View the simulation results here.

There are multiple possible definitions of "inconvenient". We gather data for the eight most obvious metrics, but it's up to the housemates to decide which metric is most important.

Notes

  • This simulation (which is really one simulation for each pair of strategies) runs continuously as you leave the browser window open, gathering long-term averages.

  • The default strategy for lazy humans, highlighted in yellow, is to always leave the seat as it was used. This is the benchmark upon which we are attempting to improve.

  • The simulated toilet seat has two positions: up and down (see Further Work).

  • The simulated toilet was installed with the seat down.

  • Bob always lifts the seat when possible.

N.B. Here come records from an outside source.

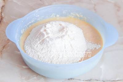 Затем подсыпаем часть просеянной пшеничной муки — примерно два стакана. Перемешиваем все.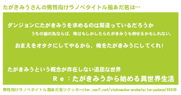 | ヒーロー風カッコイイあだ名 | 『正義の使者たがきみう』『魔戒騎士タガ』 |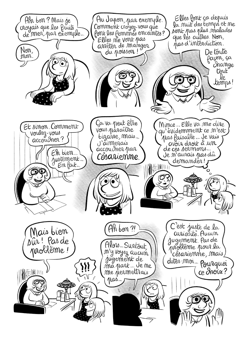 Bravo Laurel, les planches sont toujours passionnantes à lire. Votre "Ob-gyn" a-t-elle proposé une ligature des trompes après le 2eme enfant (comme cela a été pour nous) ? :)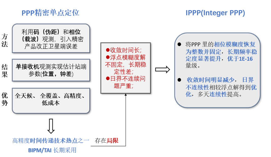 传统 PPP 方法存在哪些局限性?IPPP 相较于 PPP 具备何种技术优势?IPPP(Integer Precise Point Positioning)即整周模糊度固定的 PPP,又称 PPP-AR(Precise Point Positioning with Integer Ambiguity Resolution),其并非另起炉灶的全新技术体系,而是在 PPP 基础上,充分挖掘并利用了原本未被充分开发的高精度观测信息,其相较于 PPP 的主要优势如图 1 所示。载波相位观测值与伪距码存在本质差异,前者测量噪声更小,可支撑短期和长期频率稳定度的提升;但需注意,若模糊度无法保持或恢复整数特性,在批处理边界、信号失锁、初始化过程或精密产品不连续等场景下,易导致时频传递链路不连续,且长期稳定度出现劣化。

  • Some strategies yield identical results. E.g. for Alice, "leave the seat down" and "leave the seat as it was used" are identical strategies.

Observations

I tried to go into this piece of work with an open mind and few preconceptions, although I had a few hunches. The results were extremely interesting.

There is an answer!

The first and most shocking result is that there is a solution to the problem which is provably perfectly fair - for some metrics. If we consider the metrics "absolute difference in mean flips per day" or "absolute difference in mean flips per visit", then the optimal strategy is for both Alice and Bob to leave the toilet seat in the opposite state from how it was found. Using this strategy, all toilet users always flip the toilet seat exactly once per visit.

It is difficult to imagine a more even-handed approach. Alice and Bob are able to use the same strategy, and the strategy extends to additional housemates, additional lavatories and arbitrary lavatory usage patterns. (Alice and Bob are assumed to have identical lavatory usage patterns. If they do not, the result still holds for absolute difference in mean flips per visit, but possibly not for absolute difference in mean flips per day.)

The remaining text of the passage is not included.